A survey of farmers in four Northeast states, including New York, found that incentive payments encouraged participants to plant twice as many acres of cover crops as they did prior to receiving funds – a change that can both improve their farms and mitigate climate change.

These incentive programs also had a lasting effect, with many farmers continuing the practice even after payments ceased.

Cover crops are crops that are planted for their on-farm benefits such as reducing soil erosion, improving soil health, pest control, nutrient cycling and nitrogen fixation, while also providing off-farm benefits of protecting surface water quality and mitigating climate change.

“Cover crops are one of the best tools we have for improving soil health, and helping farmers be more resilient to extreme weather events,” says Matthew Ryan, associate professor of soil and crop sciences in the College of Agriculture and Life Sciences.

Ryan is senior author of a paper, “Incentive Programs Promote Cover Crop Adoption in the Northern United States,” published Aug. 11 in the journal Agricultural and Environmental Letters. Barbara Chami, M.S. ’18, a project manager at the San Francisco Recreation and Parks Department, is the paper’s first author.

Cover crops don’t provide farmers with immediate returns on their investments, unlike cash crops, which they can sell at the end of a season, Ryan says. “It’s really important to be able to provide funding to help farmers explore the use of cover crops, and get started and integrate them into their operations,” he says.
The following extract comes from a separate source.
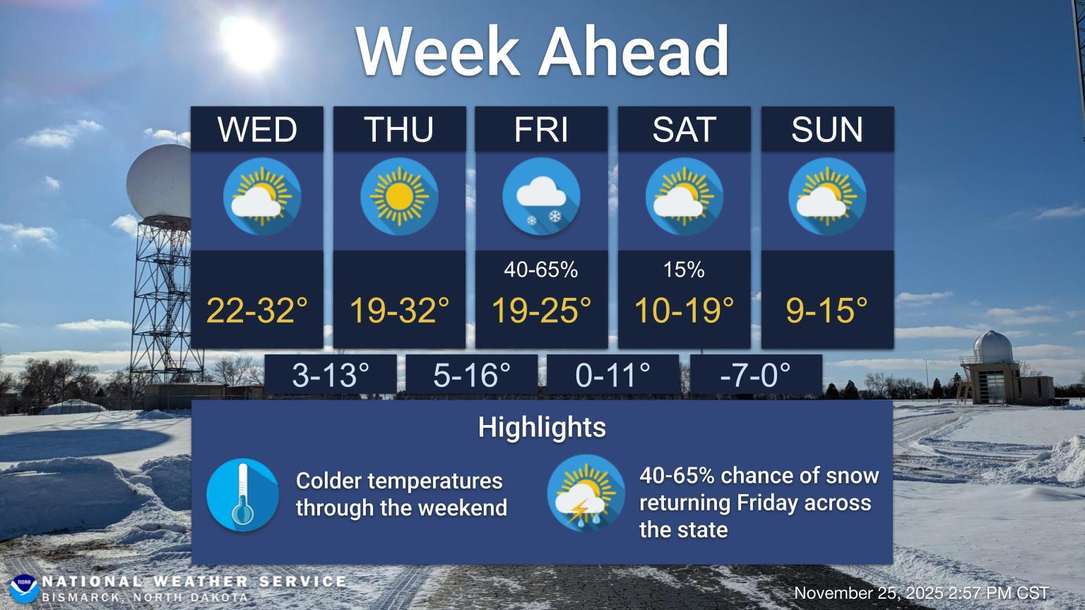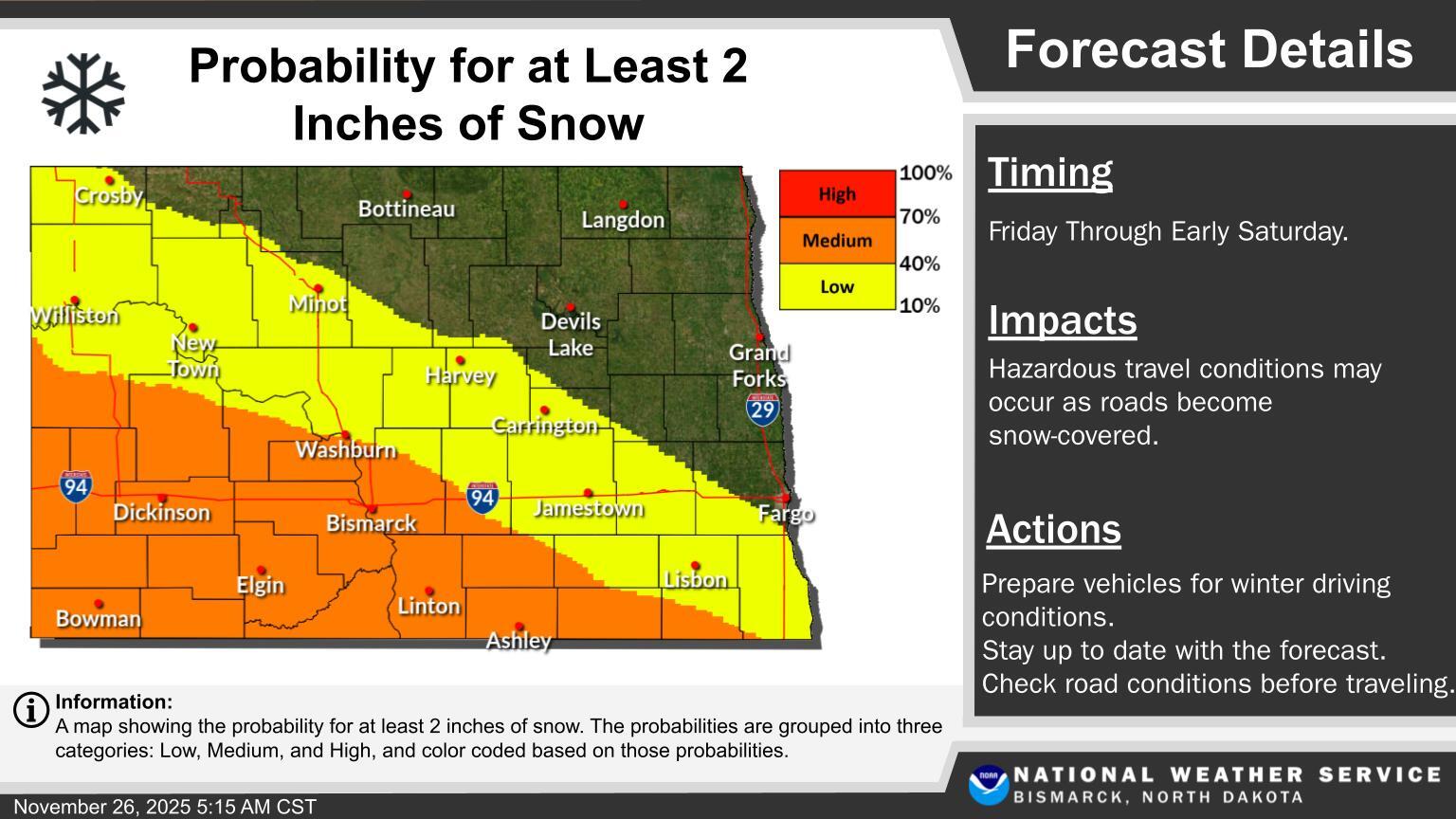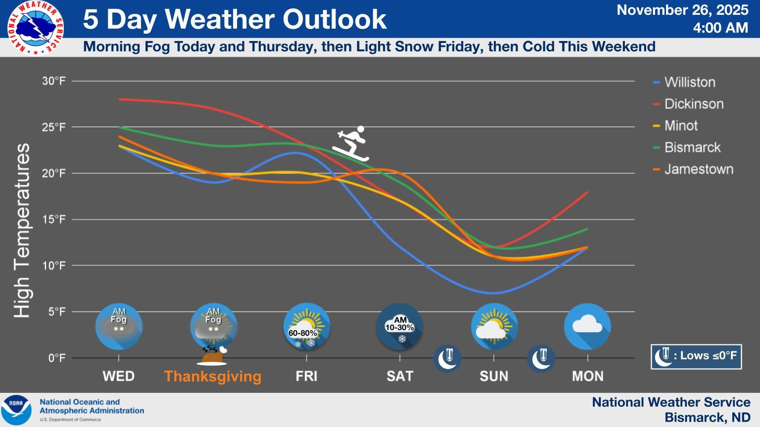 Today and Thanksgiving Day are expected to be drier, but areas of dense fog could develop across western and central North Dakota tonight. On Friday, another low pressure system could bring accumulating snow to southern parts of the region.

In the study, 328 farmers in New York, Pennsylvania, Maryland and Vermont were surveyed. The online survey sought to understand what types of people participated in incentive programs and to assess the effect of incentive programs on cover crop adoption.

The results revealed that on average, farmers who engaged in incentive programs doubled the amount of land devoted to cover crops, from close to 51 hectares (125 acres) prior to engaging in an incentive program to 101 hectares (250 acres) after they started. Also, after payments ceased, cover crop use remained on average 37% greater than before a farmer enrolled in a program. “So there’s a lasting legacy effect,” Ryan says.

The survey found that participants were typically more experienced, male farmers with larger conventional farms.

“One thing we were thinking, if we want to reach a broader audience with these programs, we should target farmers who are different from those who have already participated,” Ryan says. These may include new and beginning farmers, women farmers, those operating smaller farms and organic farmers, Ryan says.

The U.S. Department of Agriculture (USDA) National Resources Conservation Service offers cover crop incentive programs in all states. New York also offers multiple programs through the New York State Department of Agriculture and Markets.

Most of the programs, aside from one offered in Maryland, are not indefinite, with payments ceasing, highlighting the need to understand longer-term effects after engaging in a program.

The Inflation Reduction Act and new climate-smart commodity funding will make additional funding available for cover crop incentive programs through the USDA, Ryan says.

Co-authors include Stephen Parry of the Cornell Statistical Consulting Unit, and researchers from the University of Vermont, the University of Maryland and the USDA Agriculture Research Service in Beltsville, Maryland.

The study was funded by the USDA Northeast Sustainable Agriculture Research and Education Program and the New York Soil Health Initiative.